───── DATA EXCERPT ─────

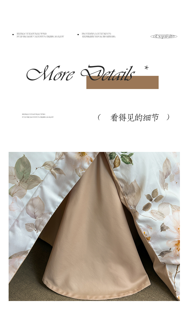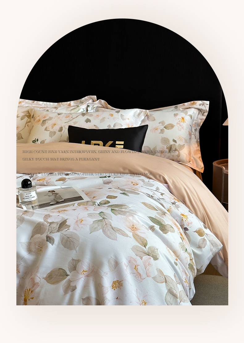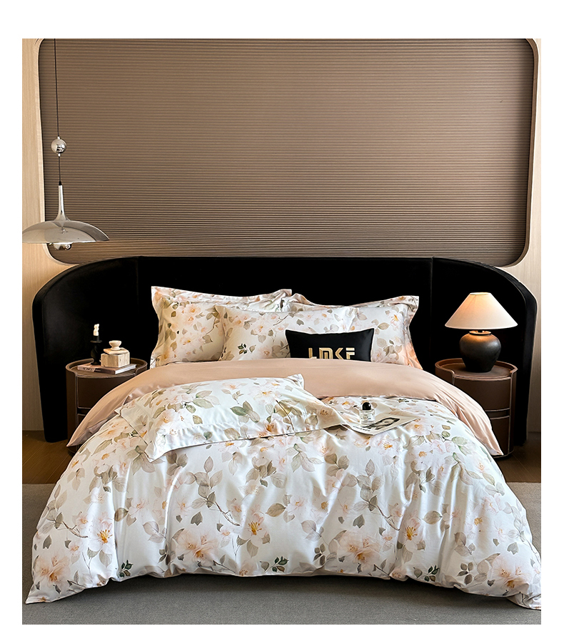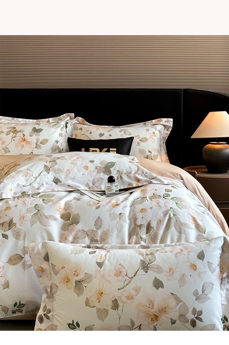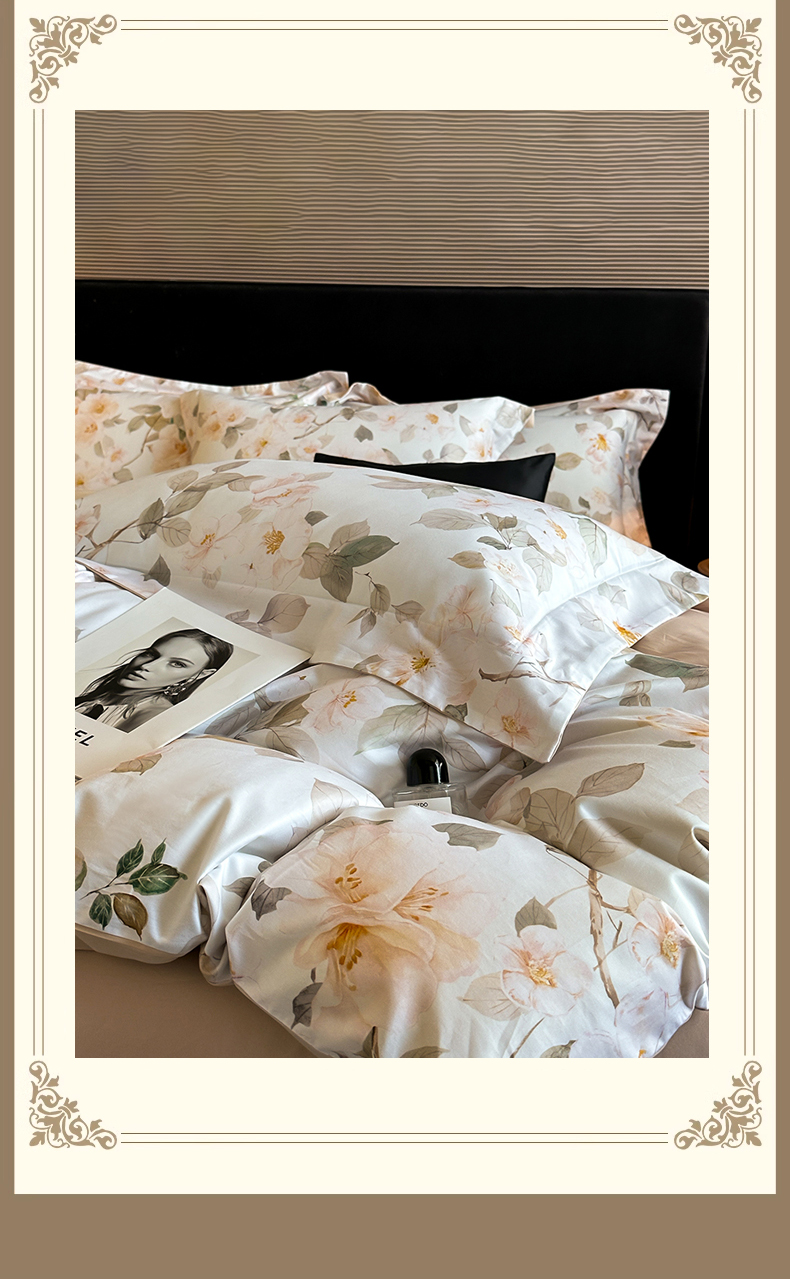 商品名称:蓝米卡夫 2026春季新款-60S长绒棉数码印花贡缎系列四件套(礼盒) 芳香情思-咖
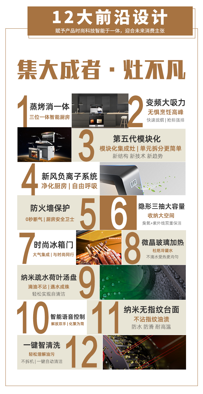 產(chǎn)品好不好,要看用戶的滿意度,科恩集成灶時(shí)刻洞察用戶需求變化,在產(chǎn)品研發(fā)上不斷發(fā)力,以變頻大吸力、第五代模塊化、智能語(yǔ)音互聯(lián)、蒸烤消一體、左右蒸烤、微晶玻璃加熱、納米疏水荷葉湯盤、納米無(wú)指紋臺(tái)面、一鍵智清洗等12大差異化前沿技術(shù),實(shí)現(xiàn)多項(xiàng)性能提升突破,為用戶帶去“樂(lè)享智慧烹飪”廚房新體驗(yàn)。
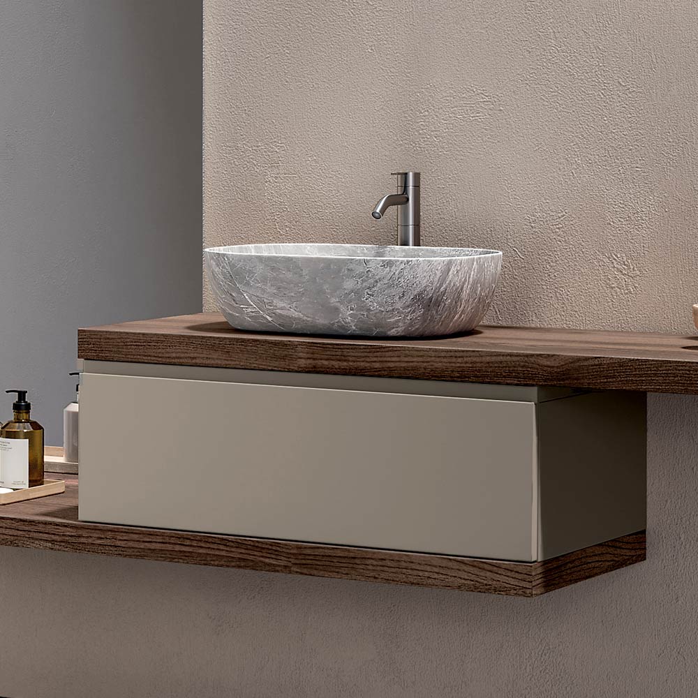 En komplett badrumslösning designad för dig som vill ha ett modernt, upphängt badrumsskåp , kännetecknat av varma ytbehandlingar, delikata kontraster och en stark estetisk identitet.

─────

▸ **WORK ORDER**: The answer should contain only the lines from the one with "產(chǎn)品好不好,要看" through the last line of the material, given word for word and without pictures.

▸ **ANSWER BOX**:
 產(chǎn)品好不好,要看用戶的滿意度,科恩集成灶時(shí)刻洞察用戶需求變化,在產(chǎn)品研發(fā)上不斷發(fā)力,以變頻大吸力、第五代模塊化、智能語(yǔ)音互聯(lián)、蒸烤消一體、左右蒸烤、微晶玻璃加熱、納米疏水荷葉湯盤、納米無(wú)指紋臺(tái)面、一鍵智清洗等12大差異化前沿技術(shù),實(shí)現(xiàn)多項(xiàng)性能提升突破,為用戶帶去“樂(lè)享智慧烹飪”廚房新體驗(yàn)。
 En komplett badrumslösning designad för dig som vill ha ett modernt, upphängt badrumsskåp , kännetecknat av varma ytbehandlingar, delikata kontraster och en stark estetisk identitet.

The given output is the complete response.